Tidak diketahui secara pasti bidang apa yang dimiliki pesantren ini hingga memikat remaja-remaja putri, namun tidaklah keliru kiranya jika pesantren ini mempertahankan posisinya tersebut dengan menggunakan pendekatan-pendekatan keremajaan milenial dalam proses pendidikannya.

Baca Juga:  Hubungan Antara Pesantren, Santri dan Kyai, Apa Sajakah Itu?

Penyiaran informasi dan kabar-kabar pondok melalui internet dan khususnya media sosial sebagai tuntutan zaman dan kebanyakan dikonsumsi generasi muda milenial nampaknya cukup berpengaruh bagi popularitas pesantren ini.

Selain populer di kalangan generasi muda, Darul Hijrah Putri sepertinya sudah dikenal dengan baik. Sebagian orangtua beralasan bahwa mereka mendaftarkan putri-putri mereka karena sebelumnya pernah menyekolahkan putri-putri mereka atau anggota-anggota keluarga yang lain di pesantren ini, entah santri-santri putri lama itu sudah menjadi alumni atau masih mondok.
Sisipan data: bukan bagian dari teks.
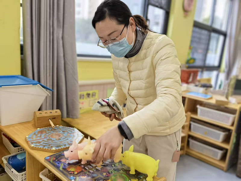 每天孩子离园后,开启紫外线灯进行全面消毒,彻底消灭空气中的病菌;每周三和周五会对玩具、图书等进行消毒。
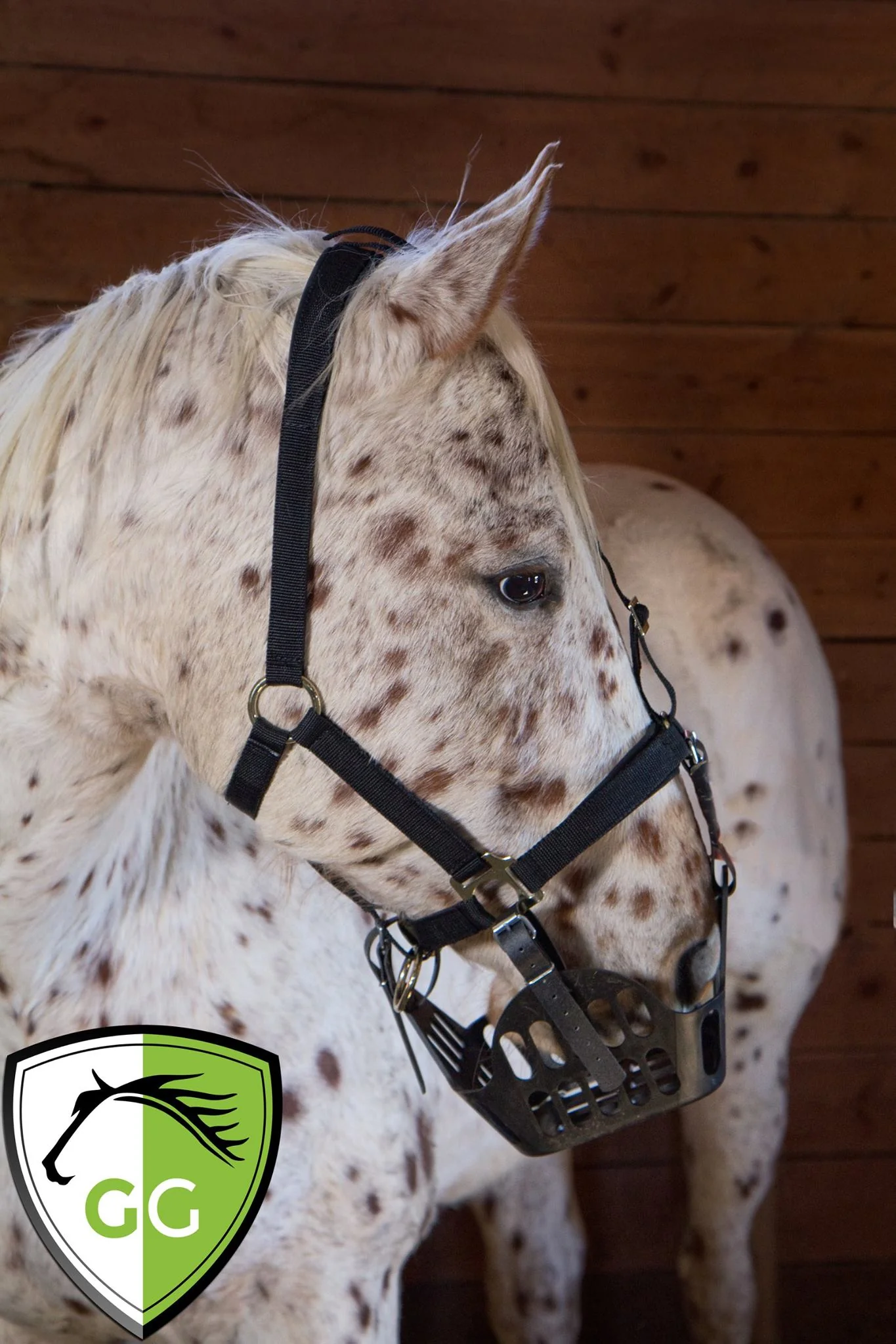 Le licol Greenguard a été spécialement conçu pour être utilisé avec le panier Greenguard. Il dispose d’une muserolle rembourrée pour le confort. Boucle de fixation pour un ajustement parfait. Mousqueton sous-gorge pour la libération rapide. Sangle additionnelle qui se place sur le devant du visage pour empêcher le licol de bouger. Logo Greenguard sur le côté. Fixations métalliques. Ce licol est une aide précieuse pour aider à prévenir la fourbure.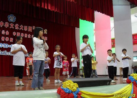 中新網4月6日電 據華僑大學網站消息,4月2日,由泰國華文教師公會、華僑大學華文學院共同主辦的泰國“中華文化大樂園”夏令營坤敬分營在坤敬府公立華僑學校禮堂舉行閉營式。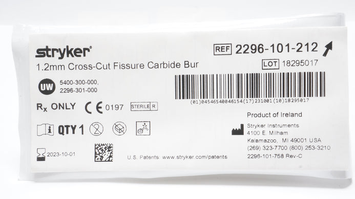 - Stryker 2296-101-212 Cross-Cut Fissure Carbide Bur 1.2mm (x)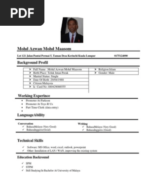 Contoh Full Resume In English 2 Microsoft Technology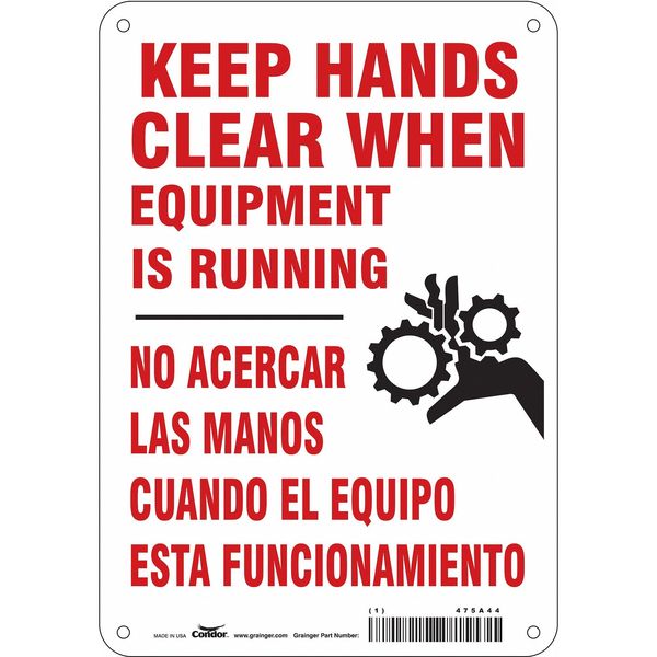 Safety Sign, 10 in Height, 7 in Width, Aluminum, Horizontal Rectangle, English, Spanish, 475A44SKU G5129247Categories SafetyDescription Safety Sign, Horizontal Rectangle, Number of Printed Sides 1, English, Spanish, Sign Format Other Format, Sign Legend Keep Hands Clear When Equipment Is Running/No Acercar Las Manos Cuando El Equipo Esta Funcionamiento, Sign Legend Background Color White, Sign Legend Style Symbol and TextgraingerSKU: 475A44, mscSKU: , zoro_no: G5129247, mongo_id: 65bbe9ad22d7a989a996f3b7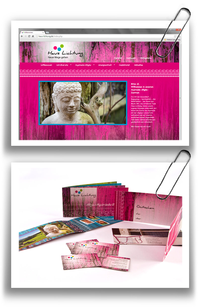 Als wir uns über die Weiterentwicklung des Corporate Design, das Logo Design, der Website, Gutscheine und der Fassaden-Banner unterhalten haben, wurde sehr schnell klar, dass wir in unserer Gestaltung eine Kombination aus "Allgäu" und "Indien" finden müssen. Denn die Ayurveda-Allgäu-Kraftkur ist ein wichtiger Bestandteil des Leistungsangebots von Haus Lichtung.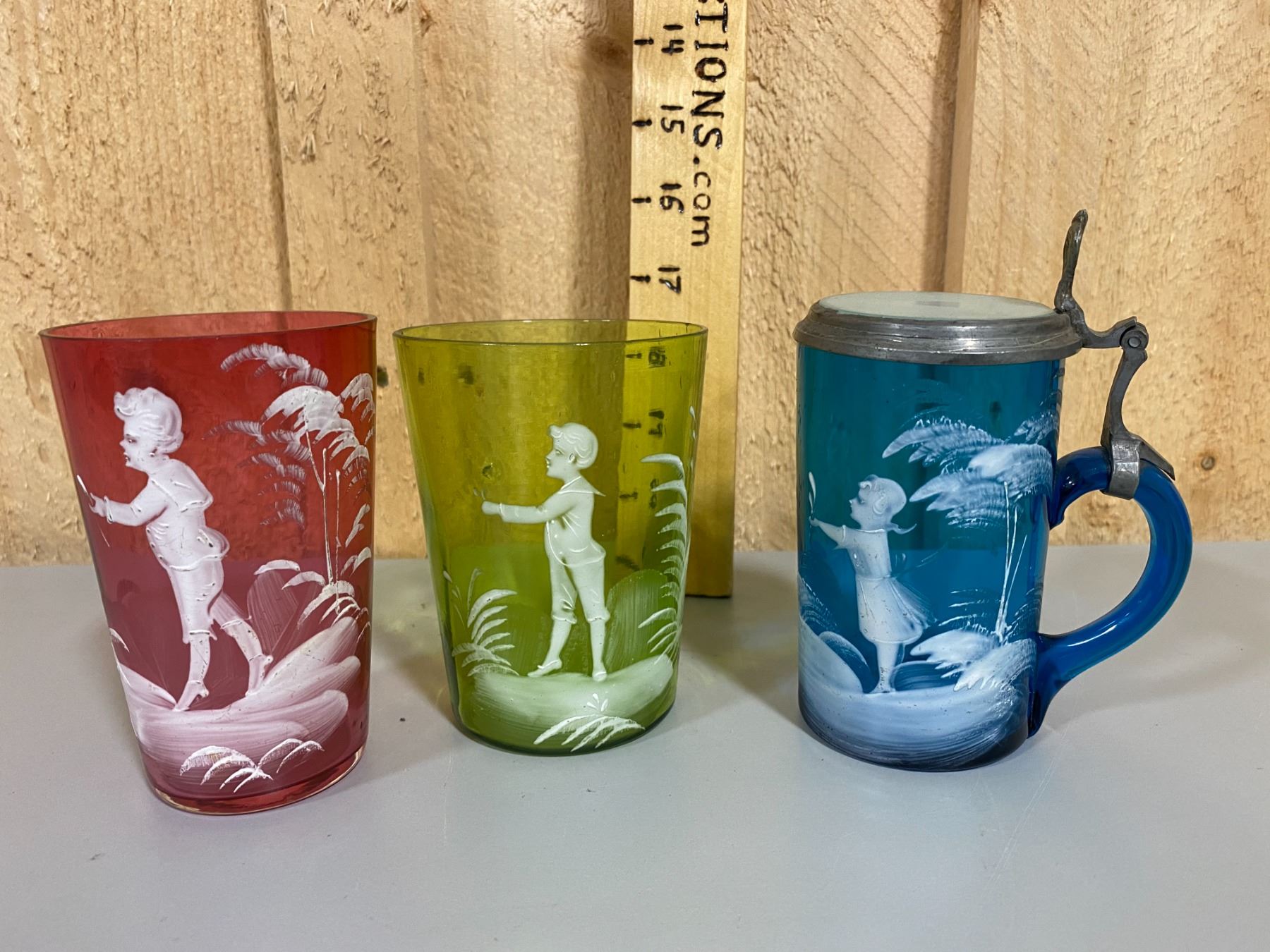 SET OF 3 MARY GREGORY GLASS PIECES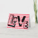 Tell that special someone that Love is the word with this graphic Love greeting card with a red heart pattern background. The inside reads: " …is the word. Be my valentine".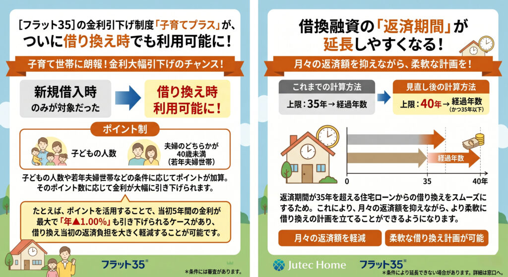 ① 借り換えでも「子育てプラス」の金利引下げが利用可能に!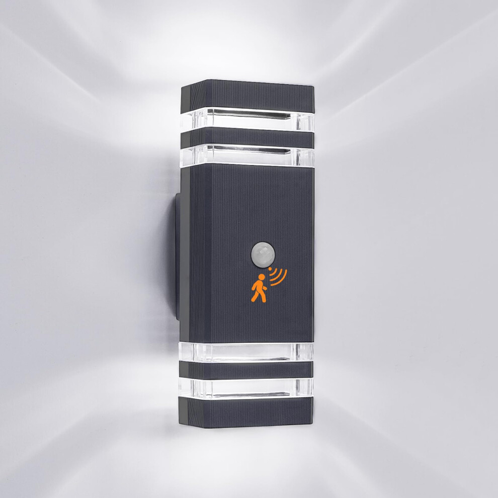 Kerry Outside Wall Lights with Sensor, IP65 Waterproof Up Down Outdoor Lighting, External Pir Wall Mount Security Light, Anthracite Grey Stainless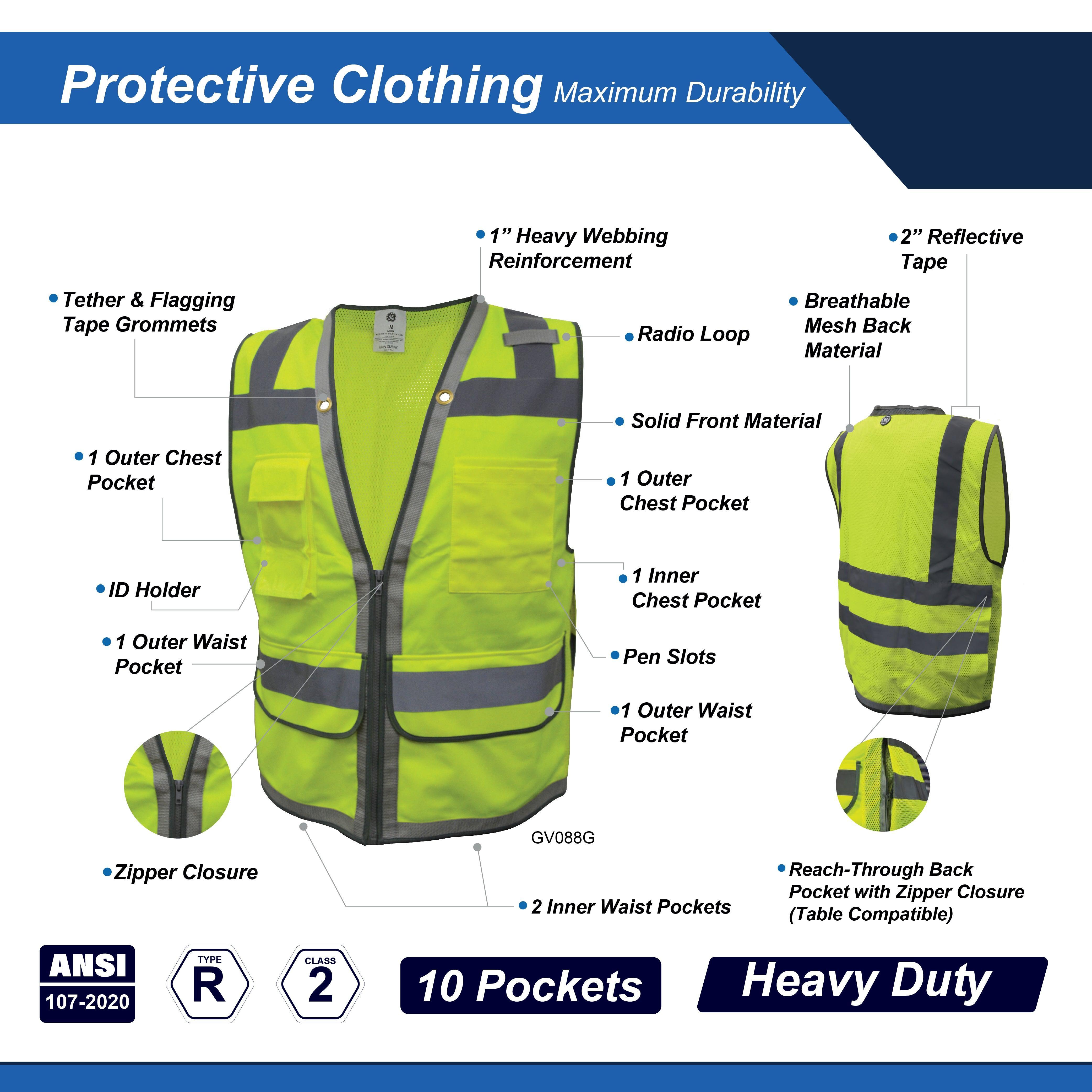 General Electric Heavy Duty Surveyor Safety Vest – 10 Pockets (GV088)

Jika saudari yang lebih tua masih belajar, maka menitipkan anak di pesantren ini bukanlah keputusan yang sulit bagi orangtua. Jika si kakak sudah lulus dan si adik melanjutkan kiprah saudarinya menempuh pendidikan di pesantren ini, maka tidaklah berlebihan jika para orangtua mengakui bahwa pesantren putri ini adalah pilihan terbaik.

Hasil wawancara orangtua sebagaimana dipaparkan di atas disajikan untuk memotret sejauh mana pandangan masyarakat terhadap Darul Hijrah Putri. Akan tetapi, perlu diperhatikan dua hal penting yang di satu sisi bisa menjadi kelemahan hasil wawancara orangtua untuk memenuhi tujuan tersebut.

Pertama, wawancara orangtua tersebut merupakan salah satu prosesi penerimaan santriwati baru, sehingga jawaban-jawaban yang mereka berikan didorong oleh keinginan agar anak-anak mereka diterima sebagai santriwati baru. Penulis, misalnya, tidak menemukan jawaban-jawaban terkait ketersediaan fasilitas dan lain sebagainya.

Kedua, alasan-alasan orangtua memasukkan ke anak ke Darul Hijrah Putri terdengar lebih berupa harapan-harapan ketimbang pandangan-pandangan, sehingga alih-alih diperhitungkan sebagai “daya jual” dan “daya saing”, hasil wawancara orangtua itu mesti dipandang sebagai motivasi bagi pengurus pesantren untuk membenahi bidang-bidang yang menjadi tumpuan harapan para orangtua setelah melihat sejauh mana bidang-bidang tersebut berjalan selama ini.

Meski demikian, kita masih dapat memandang jawaban-jawaban orang-tua tersebut di atas untuk menilai tingkat kepercayaan mereka terhadap Pondok Pesantren Darul Hijrah Putri dan pesantren pada umumnya. Sebab, di manapun harapan ditanamkan di situ ada rasa kepercayaan.

Tentu saja banyak lagi variabel-variabel lain yang harus dipertimbangkan dalam menjawab pertanyaan “mengapa pesantren masih diminati?”, seperti kondisi geografis pesantren, fasilitas, konstruk budaya masyarakat di sekitar pesantren dan lain-lain. Jangan-jangan, pesantren juga mendapat manfaat dari geliat populisme Islam yang mencuat selama ini.